Così come in tutte le civiltà precristiane, proprio a causa di questa mancanza di riconoscimento della libertà individuale degli uomini, anche in quella greca si sviluppò una concezione ciclica della storia, che era segno dell’impossibilità da parte del singolo uomo di influire sul corso degli avvenimenti. Alessandro di Afrodisia, celebre commentatore di Aristotele, pur vivendo in un periodo già di forte decadenza, era convinto (e lo espresse bene nella sua opera intitolata Sul Fato) che il mondo fosse caratterizzato da una concatenazione di cause e di effetti assolutamente necessari e che questa concatenazione non potesse essere interrotta da alcun volere umano.

L’uomo greco viveva felicemente? Dobbiamo noi invidiarlo?

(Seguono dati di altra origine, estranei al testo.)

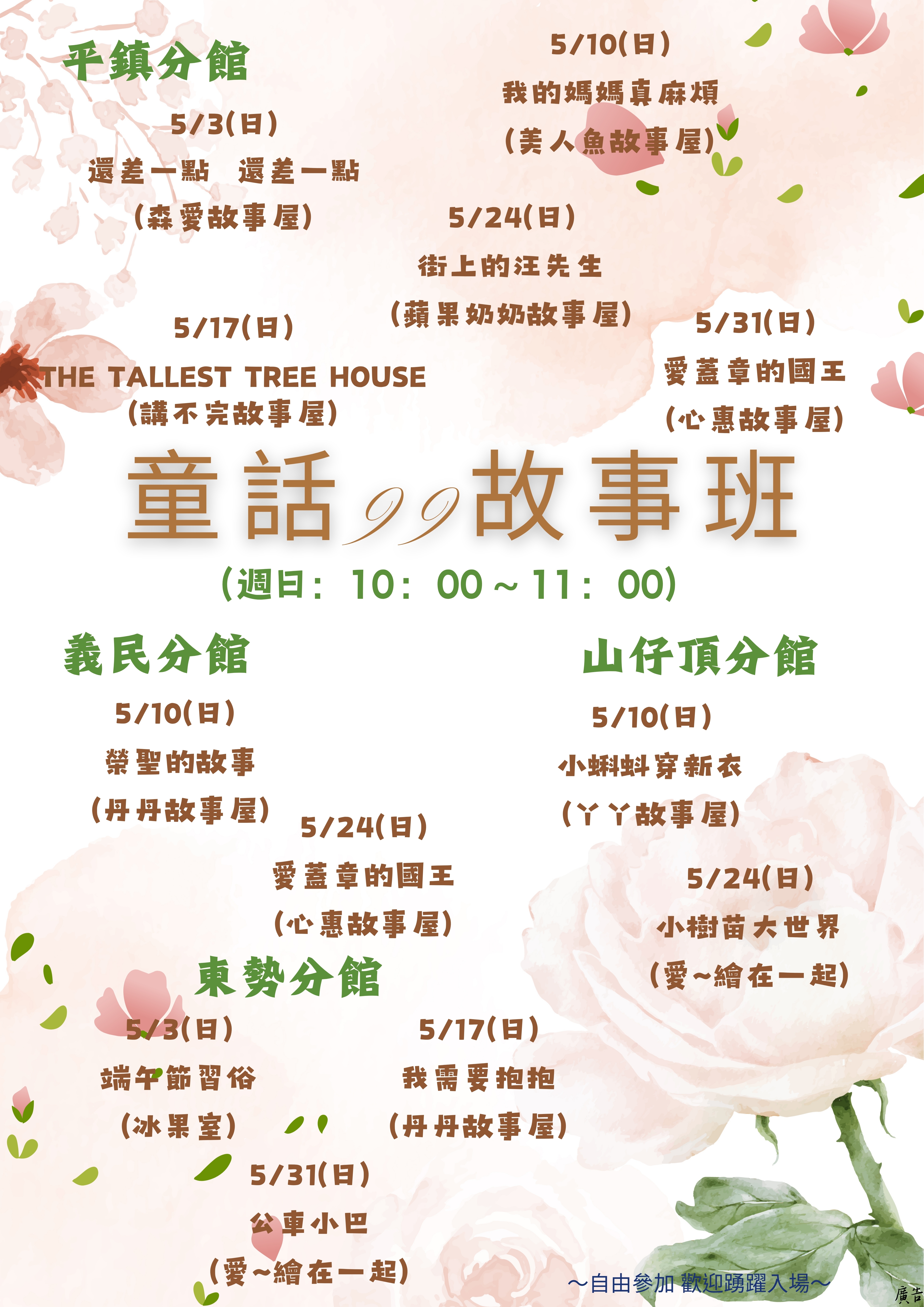 | 義民分館 | 5/10 | 丹丹故事屋 | 榮聖的故事 |

La risposta viene da sé. L’uomo greco non solo avvertiva il peso esistenzialmente insopportabile di un senso d’invincibile impotenza (doveva ritenersi non libero), ma non poteva nemmeno condannare tutto ciò che di male gli sarebbe potuto capitare. Infatti, se si parte dalla convinzione che tutto è già deciso e che non c’è spazio per la libertà individuale, allora tutto ciò che accade diviene automaticamente giusto, perché già deciso ed immodificabile.

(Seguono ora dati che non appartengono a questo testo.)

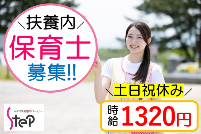 ◆月収目安6万円◆ 扶養内歓迎 / 平日のみ勤務♪ / 朝だけ短時間☆ / 残業なし / 固定勤務 株式会社ステップグランドスタッフ 認定こども園の保育士 . ■案件NO,15657■お電話で案件番号をお伝えください! *:;;;:*:;;;:**:;;;:*:;;;:**:;;;:*:;;;:**:;;;:*:;;;:**:;;;:* 認定こども園の保育士の求人案件です♪ *:;;;:*:;;;:**:;;;:*:;;;:**:;;;:*:;;;:**:;;;:*:;;;:**:;;;:* \働きやすさ!/ ◆残業、持ち帰りなし! ◆平日のみ、土日祝休み♪ ◆扶養内のお仕事 ◆1日3hだけ ◆WワークOK ブランクがある方もOK! 午後からはプライベートの時間も しっかりとることができます! Wワークで働きたい方も歓迎☆ ________________ 【こんな園さんです】 ☆定員100名の認定こども園 ☆低月齢児が通う分園と、本園があります ☆こじんまりとしたかわいい園さん \教育、保育目標/ 1、健康で元気な子ども 2、思いやりのある子ども 3、感性豊かな子ども 4、自分の思いを素直に伝えられる子ども ★こんな保育をしています★ ・「はだし保育」を取り入れています ・体育、英語、絵画、音楽など 様々な情操教育を行っています ・野菜栽培や調理体験など 「食育」に力を入れています ________________ \ステップのここが嬉しい/ 園への見学時も同行します☆ 働く上で園へ伝えておきたいこと、 時間の相談などなど ご自身では伝えにくいことも コーディネーターが伝えますので 見学時も安心です♪ 事前に園の雰囲気を知ってから 入職に繋げることができるのも 嬉しいポイント! 1人で悩まなくても大丈夫! 保育士としての経験がある コーディネーターが あなたのお仕事開始まで 精一杯サポートします! もちろん、お仕事開始後も 継続的にサポートしますので ご安心ください☆ ・・・・・・・・・・・・・・ \希望登録/も受付中! 希望の条件で働けるチャンス☆ 通勤時間や、勤務時間、勤務曜日など ご希望をお聞かせいただいた上で あなたにぴったりの園さんを ご提案させていただきます♪ .

Certo, l’immaginario è quello che è, per cui se dicessimo di chiudere gli occhi e di immaginare la società della Grecia antica, siamo certi che verrebbe spontaneo a molti pensare ad un mondo luminoso, armonico, bello, dolce, piacevole. Purtroppo lascia il segno ciò che ci hanno insegnato e continuano ad insegnare a scuola. E – l’abbiamo già detto – ce lo hanno presentato così per fedeltà alla cosiddetta storiografia “post-illuminista” che giudica tutto buono ciò che non era cristiano e tutto cattivo ciò che lo era. Eppure basterebbe ragionare. Come ci si poteva sentire sereni in una situazione in cui si era costretti a constatare l’inesistenza della libertà di decidere e progettare il proprio futuro? Non è casuale che il vertice dell’espressione letteraria greca sia rappresentato dalla tragedia; e non perché l’uomo greco fosse un pessimista incallito, portato a vedere “tutto nero”, ma perché non poteva non constatare la dimensione tragica del suo esistere.

Un evento, se accadeva, significava che era stato voluto dal Destino, ma se era stato voluto dal Destino, significava che era buono, anche se si presentava come evento negativo o addirittura crudele. Secondo la nota leggenda, Atene doveva offrire periodicamente sette fanciulli e sette fanciulle a Minosse, re di Creta, perché li desse in pasto al Minotauro (un mostro dal corpo umano e dalla testa di toro che viveva confinato nell’inaccessibile labirinto di Dedalo). Ragioniamoci su. Minosse, per la mitologia greca, non era un personaggio negativo; anzi, per la sua giustizia, fu da Zeus eletto giudice nel regno degli Inferi. Ciò vuol dire che la storia è storia e basta. Il tentativo di modificare gli eventi può essere solo giustificato dal peso di viverli (Teseo arrivò ad uccidere il Minotauro), ma non dalla convinzione che ciò che accade nella storia sia ingiusto: Minosse dava in pasto al Minotauro i fanciulli inviati da Atene, eppure venne premiato da Zeus come giusto, il che vuol dire che secondo la mentalità greca tutto ciò che avviene nella storia, solo perché avviene, è di per sé giusto.

Così, non era raro che l’eroe greco agisse in maniera crudele; e, cosa ancora più significativa, la sua eventuale crudeltà non gli impediva di essere considerato come eroe positivo. Nell’epica classica l’agire è del tutto autonomo dalla morale; ha, cioè, come punto di riferimento non la morale, ma altro: la forza, l’ingegno, ecc… Achille è eroe per forza e ardimento, Ulisse per ingegno e scaltrezza. E proprio perché la morale non costituiva un vincolo, in questi eroi la forza diveniva violenza brutale e l’ingegno diveniva frode. Si vada a leggere il canto XXII dell’Iliade e si vedrà che non vi è alcun sentimento morale in Achille che fa scempio del cadavere di Ettore.